What you will do:
Only one span is wanted from the lines below: from the one with "Table 1The values" up to and including the one with "Plant layout refers". Copy it exactly, without images.

* * *

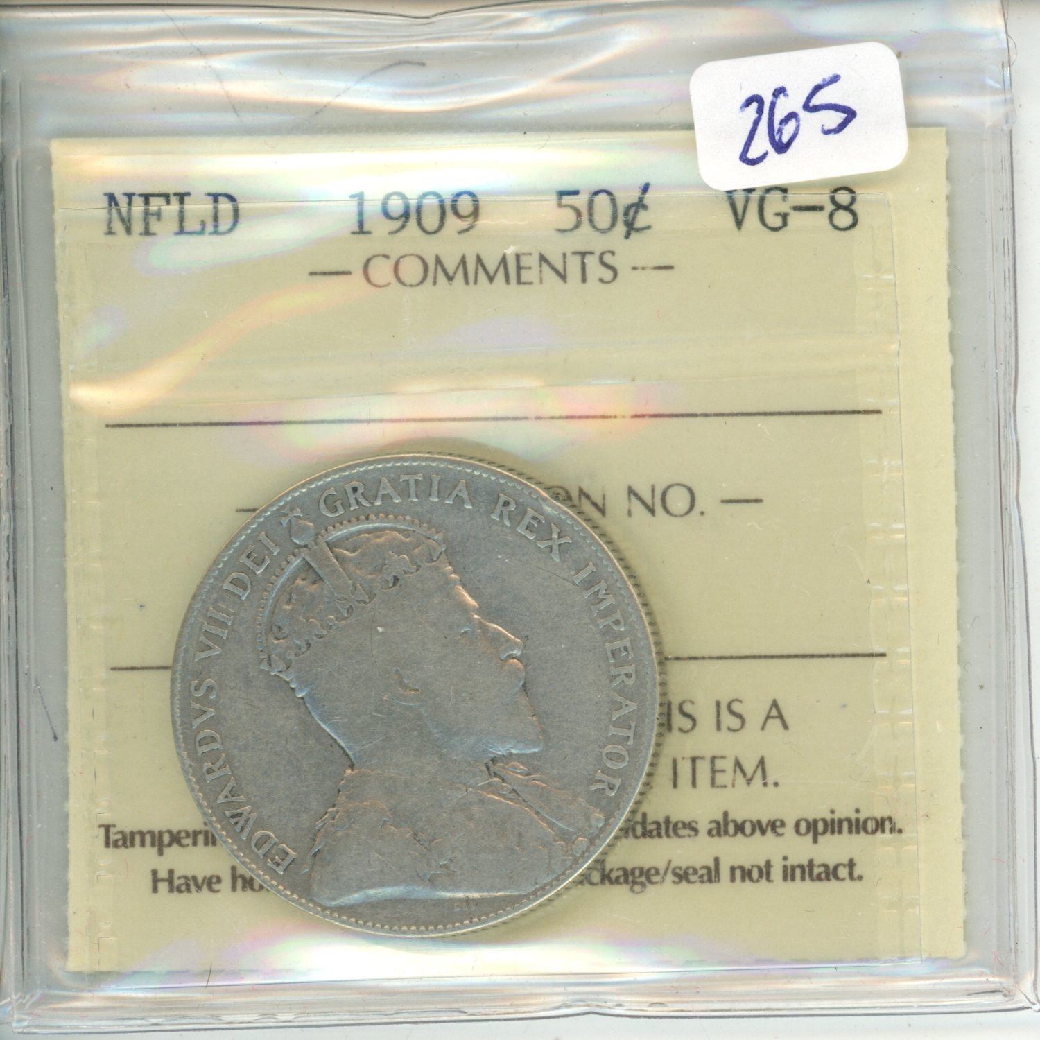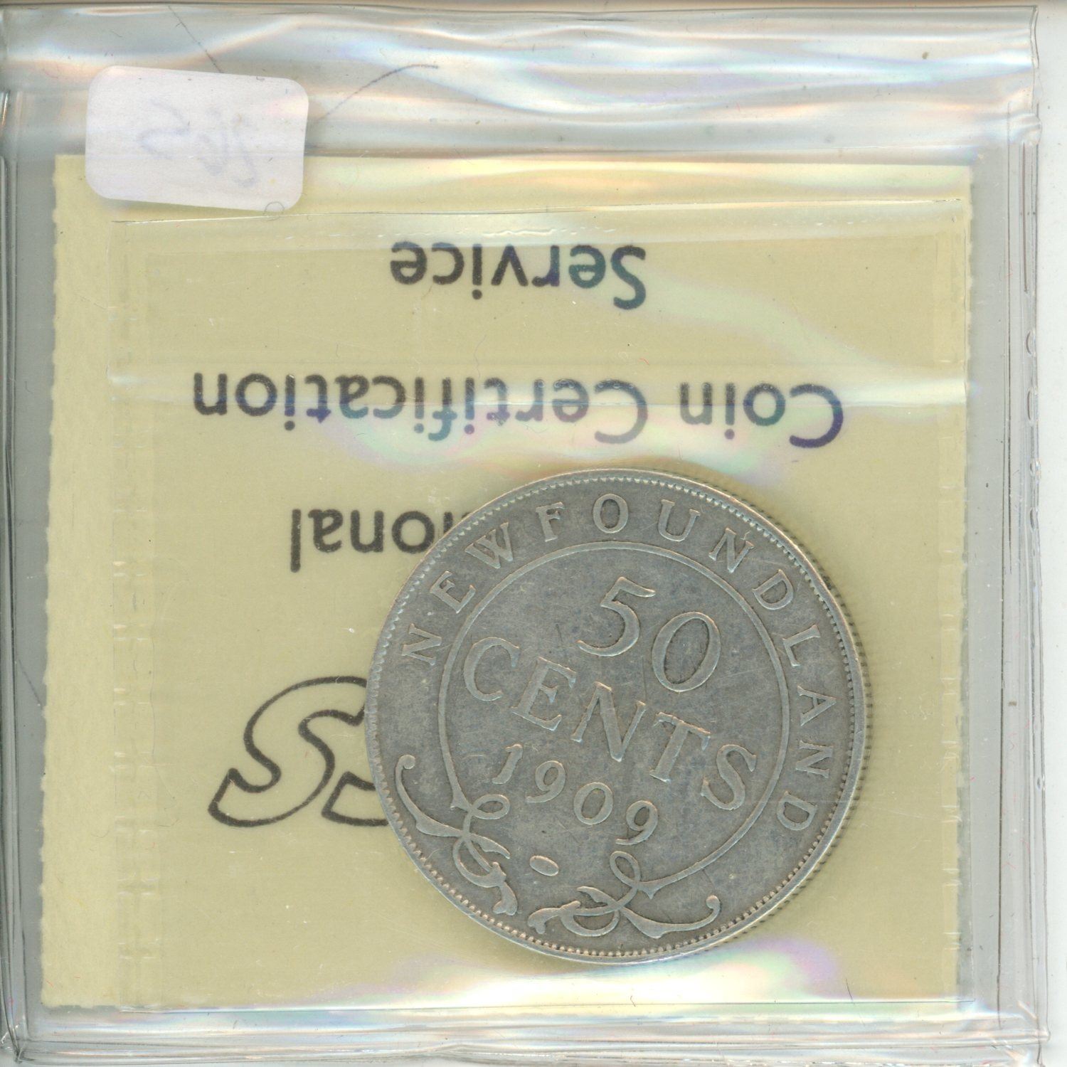 Newfoundland 1909 Silver 50 Cents. ICCS certified & graded VG-8.
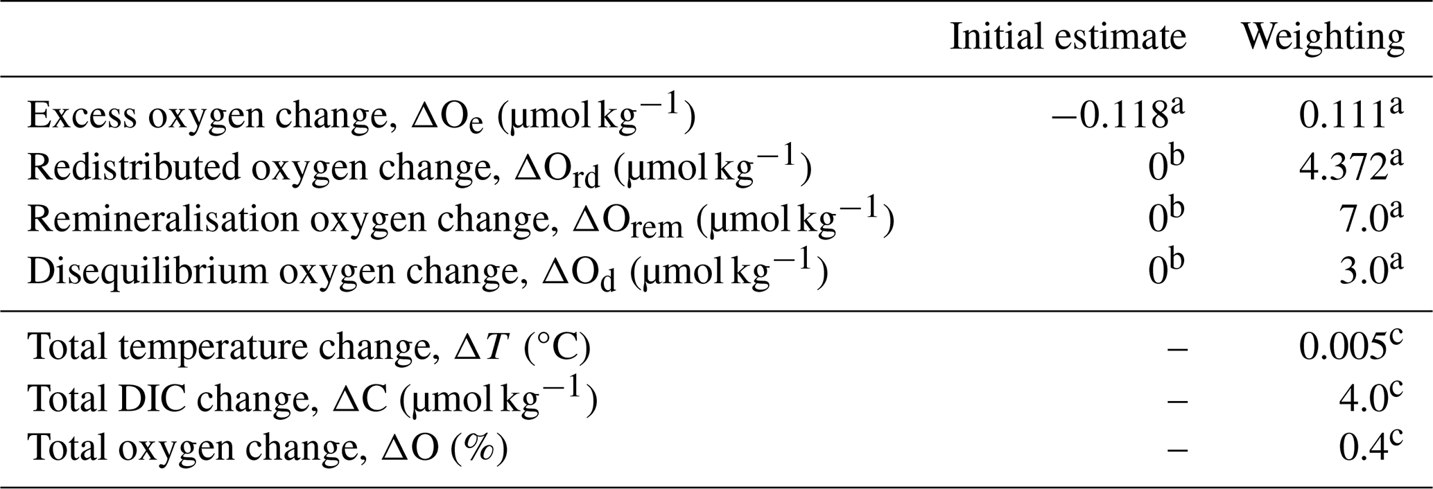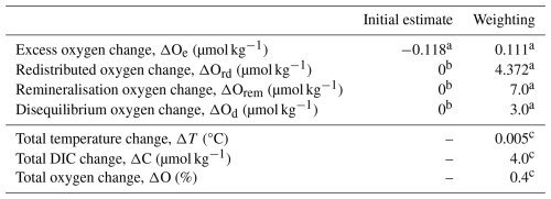 Table 1The values used to regularise each variable in Eq. (12) when calculating the decomposition of the oxygen change. a The weightings and initial estimate for each individual oxygen components defined as the expected mean and standard deviation respectively, taken from literature. b When no previous information is available, the initial estimate is set to zero. c The weightings for the total variable changes come from the approximate consistency between GLODAP cruises, with the oxygen weighting changing spatially since it is given as a percentage.
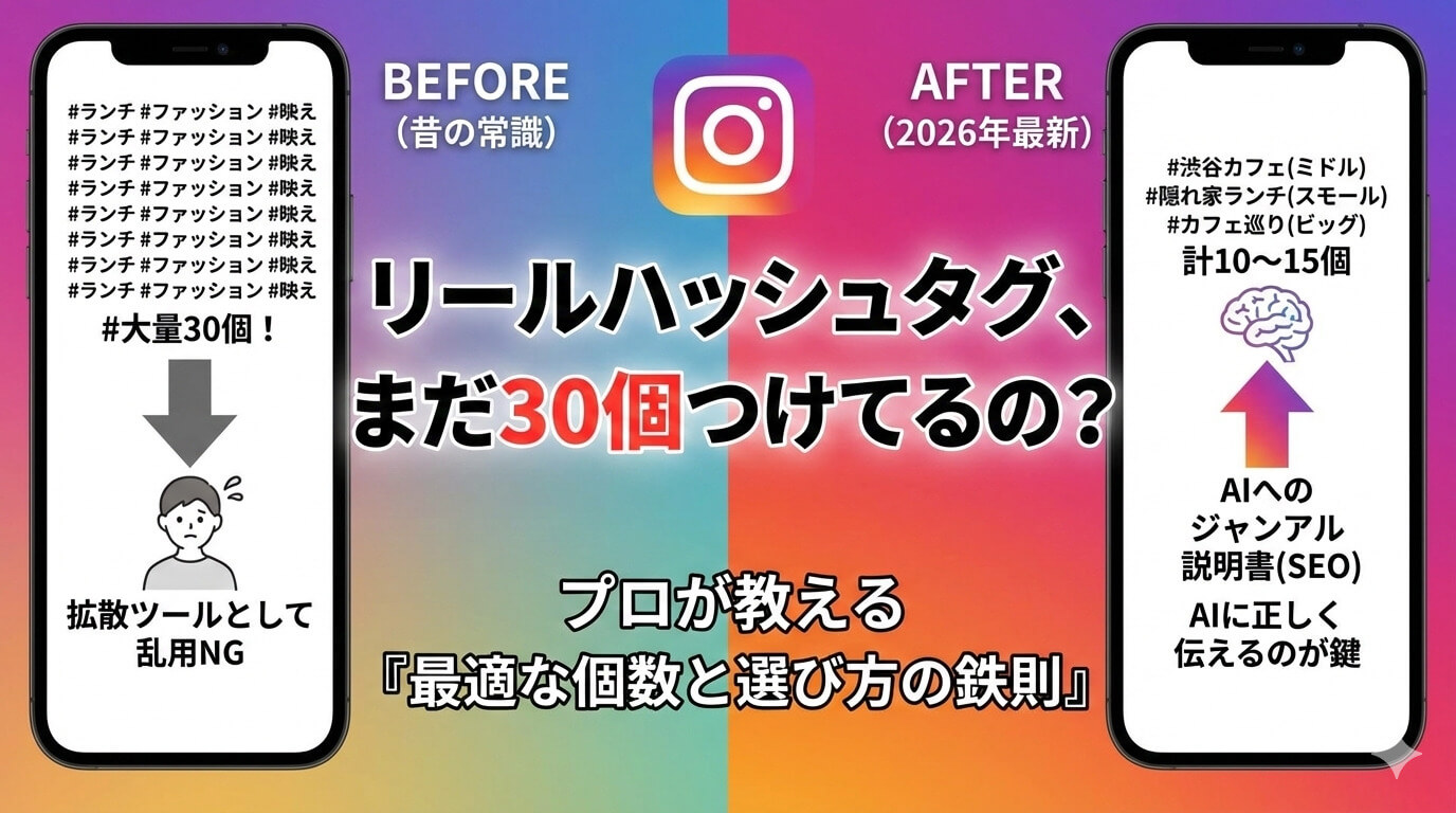 この記事では、プロのWebマーケターが「2026年版リールハッシュタグの正解」と、「最適な個数・選び方の鉄則」を解説します。間違った使い方をすると、逆に再生数が落ちる原因になるため要注意です。
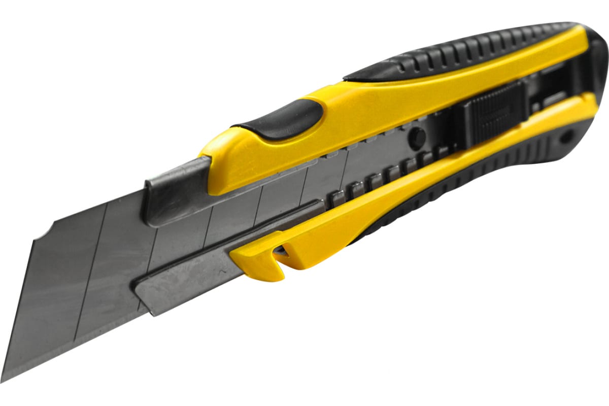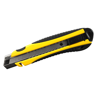 Корпус выполнен в эргономической форме из 2-х компонентного пластика с прорезиненными мягкими вставками для надежного захвата с автоматическим регулированием длины лезвия. Съемный наконечник ручки ножа позволяет быстро обломить затупившийся сегмент лезвия. На корпусе есть паз для резки шнуров и стяжек.
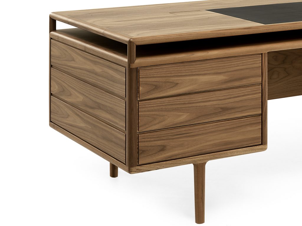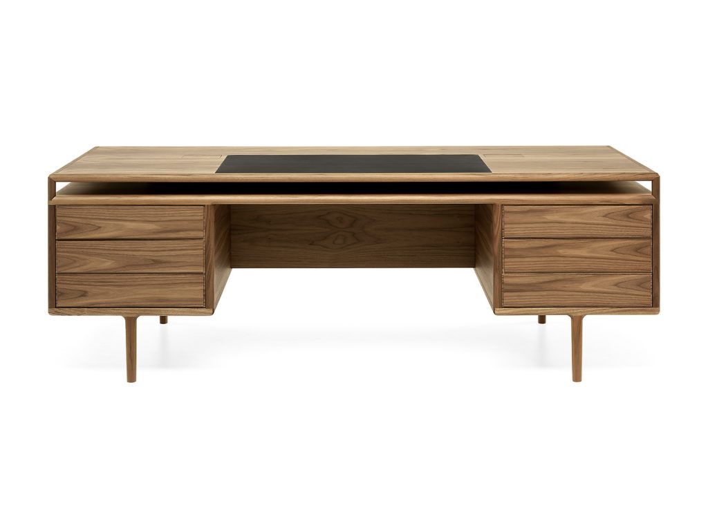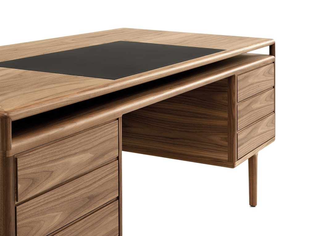 Writing desk made in solid american walnut and plywood veneered american walnut, 6 drawers, top with leather pad, electrical cable passage with wooden flip-up panel.
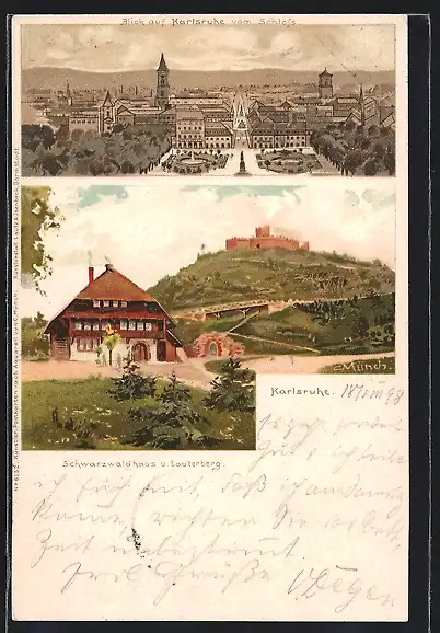 Künstler-AK Carl Münch: Karlsruhe, Blick vom Schloss auf die Stadt, Schwarzwaldhaus und Lauterberg
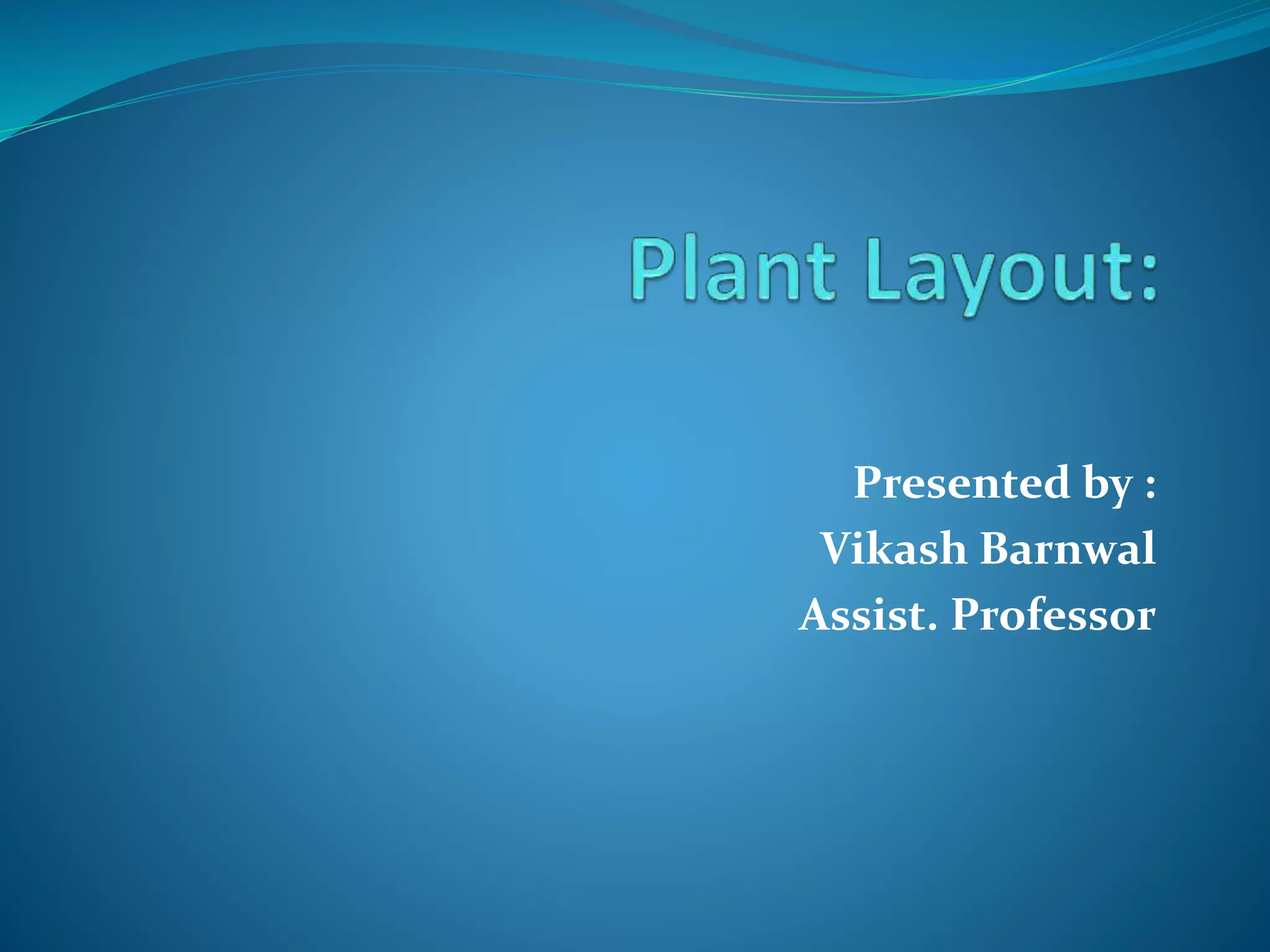 Plant layout refers to the arrangement of machines, materials, personnel and supporting services within a manufacturing facility. The objectives of plant layout include streamlining material flow, minimizing handling, maintaining process balance, and maximizing space and employee efficiency. There are four main types of layouts: product layout arranges machines in linear sequence to produce a single product; process layout groups similar machines together; combination layout blends aspects of product and process; and fixed position layout keeps large products stationary while bringing materials and machines to them. The document discusses the characteristics and suitability of each layout type.
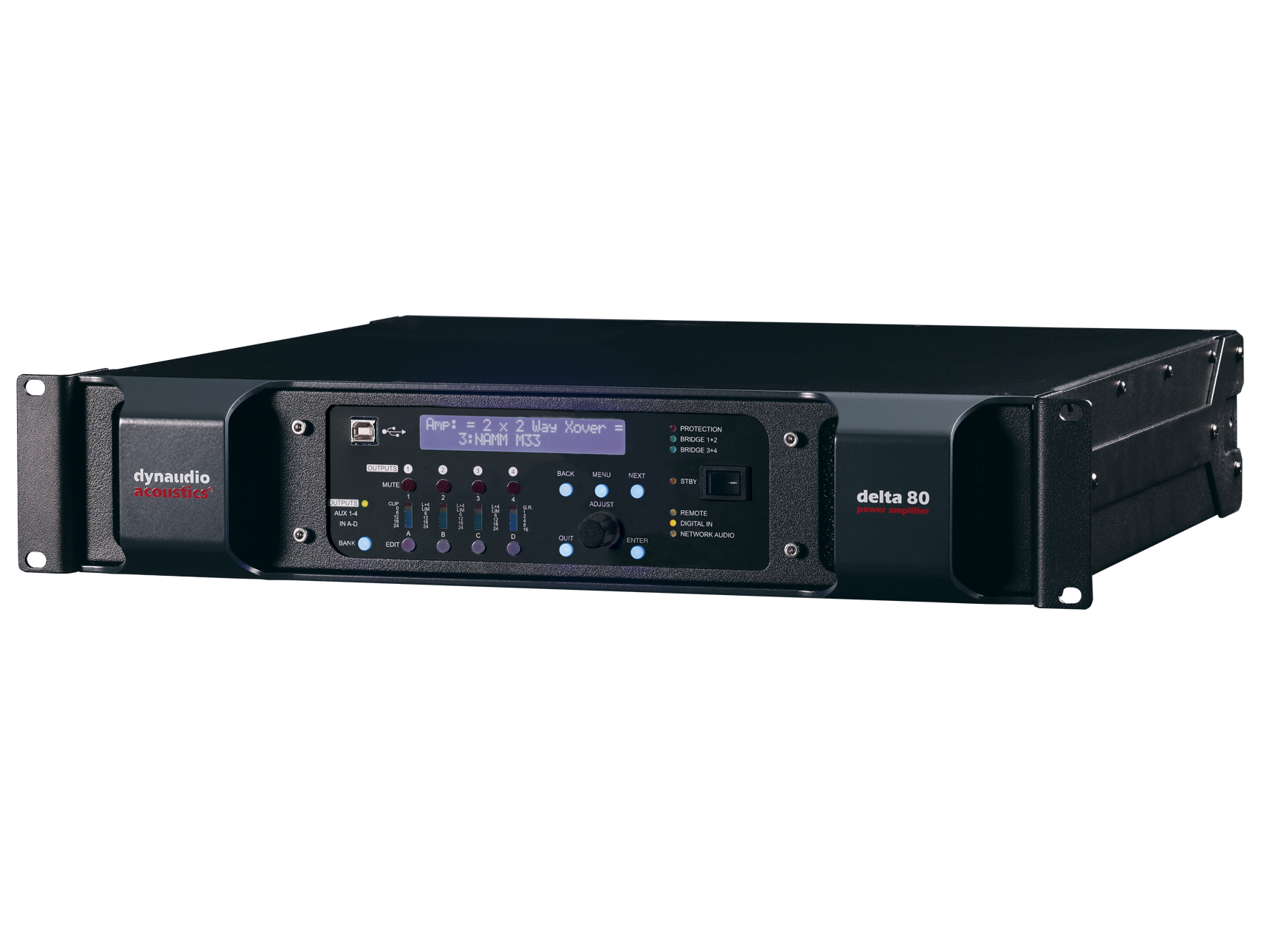 Delta 80 DSP. У кожній моделі використовується найвища якість технології підсилювача потужності, тому ви можете бути впевнені, що те, що надходить, виходить саме так, як задумано. Тільки голосніше. 2U Delta 80 DSP забезпечує вражаючу потужність 4x 2000 Вт при 4 Ом – або 2x 4000 Вт при мостовому підключенні. І він робить це без зайвих зусиль, забезпечуючи низькі показники спотворень та шуму. Наприклад, THD становить лише <0,18% при 1 кГц..Аналоговий чи AoIP через Dante? Delta 80 DSP обробляє до чотирьох каналів; це система, орієнтована на майбутнє, яка може впоратися з будь-якими завданнями вашої студії. Під час використання Dante ваш звук перетворюється ЦАП 24-біт/96 кГц. А якщо виникне потреба в налаштуванні приміщення, ви також отримаєте доступ до складних функцій DSP. Вони охоплюють три динамічні та вісім статичних смуг еквалайзера на вхідний канал, а також дев'ять статичних смуг еквалайзера на вихід. Плюс набір додаткових фільтрів. Ви також отримуєте бездротове керування через додаток DeltaDirect для iPad

* * *

Expected output:
 Table 1The values used to regularise each variable in Eq. (12) when calculating the decomposition of the oxygen change. a The weightings and initial estimate for each individual oxygen components defined as the expected mean and standard deviation respectively, taken from literature. b When no previous information is available, the initial estimate is set to zero. c The weightings for the total variable changes come from the approximate consistency between GLODAP cruises, with the oxygen weighting changing spatially since it is given as a percentage.
 この記事では、プロのWebマーケターが「2026年版リールハッシュタグの正解」と、「最適な個数・選び方の鉄則」を解説します。間違った使い方をすると、逆に再生数が落ちる原因になるため要注意です。
 Корпус выполнен в эргономической форме из 2-х компонентного пластика с прорезиненными мягкими вставками для надежного захвата с автоматическим регулированием длины лезвия. Съемный наконечник ручки ножа позволяет быстро обломить затупившийся сегмент лезвия. На корпусе есть паз для резки шнуров и стяжек.
 Writing desk made in solid american walnut and plywood veneered american walnut, 6 drawers, top with leather pad, electrical cable passage with wooden flip-up panel.
 Künstler-AK Carl Münch: Karlsruhe, Blick vom Schloss auf die Stadt, Schwarzwaldhaus und Lauterberg
 Plant layout refers to the arrangement of machines, materials, personnel and supporting services within a manufacturing facility. The objectives of plant layout include streamlining material flow, minimizing handling, maintaining process balance, and maximizing space and employee efficiency. There are four main types of layouts: product layout arranges machines in linear sequence to produce a single product; process layout groups similar machines together; combination layout blends aspects of product and process; and fixed position layout keeps large products stationary while bringing materials and machines to them. The document discusses the characteristics and suitability of each layout type.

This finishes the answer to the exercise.